And just in case it's not clear. When you as a developer start off building something fresh, (aka not making legacy software work), you should probably not base yourself on AADDS being what drives your authentication components.
More info:
https://docs.microsoft.com/en-us/azure/active-directory-domain-services/
Azure AD B2X
If you're feeling a little bit creative you can probably come up with scenarios of your own where you wonder which bucket these fit into. So, I created my own acronym for this. You can't actually sign up for an Azure AD B2X service :)
Maybe you have both business and consumer customers. You could have a selection when registering allowing the user to choose between a business or a consumer identity. On the back-end you would trigger either a flow based on multi-tenant AAD integration, or a B2C flow based on the choices.
Maybe you have business customers, but you want them to sign in with social identities. This is a bit more tricky, and would possibly require an amount of effort depending on what you want to do once they have logged in. You might need to employ claims, and an additional interface for mapping attributes to a company entity.

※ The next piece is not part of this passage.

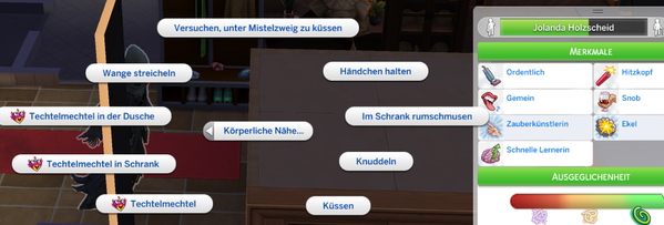 ich habe mir das neue Erweiterungspack Leben & Tod geholt. Nun wollte ich mit meiner Simin dafür sorgen, dass sie ein Baby vom Sensenmann bekommt. Beide Beziehungsleisten sind voll und die beiden sind auch in einer festen Beziehung. Bei mehreren Besuchen habe ich "Baby machen" ausgewählt, jedoch verschwindet die Aktion direkt und nichts passiert. Selbst normales Techtelmechtel funktioniert nicht. Da stellt sie zwar die Frage und beide freuen sich doch dann passiert einfach nichts. Ich spiele OHNE Mods und habe es auch schon mit Spiel reparieren versucht. Ist das ein Bug oder hat da jemand eine Lösung?

You get my point. There are things that do not easily map to these features, but by either building on top of, or combining these you can cover a lot of ground. With a bit of luck it will be less work than implementing everything from scratch yourself.
This really is just skimming the bits swimming on top of the AAD Alphabet Soup, but if you dig deeper it should still keep you occupied for a while.
Have a scenario you don't know how to approach? Shout out below in the comments. (Which also applies if you have a killer approach others should be aware of.)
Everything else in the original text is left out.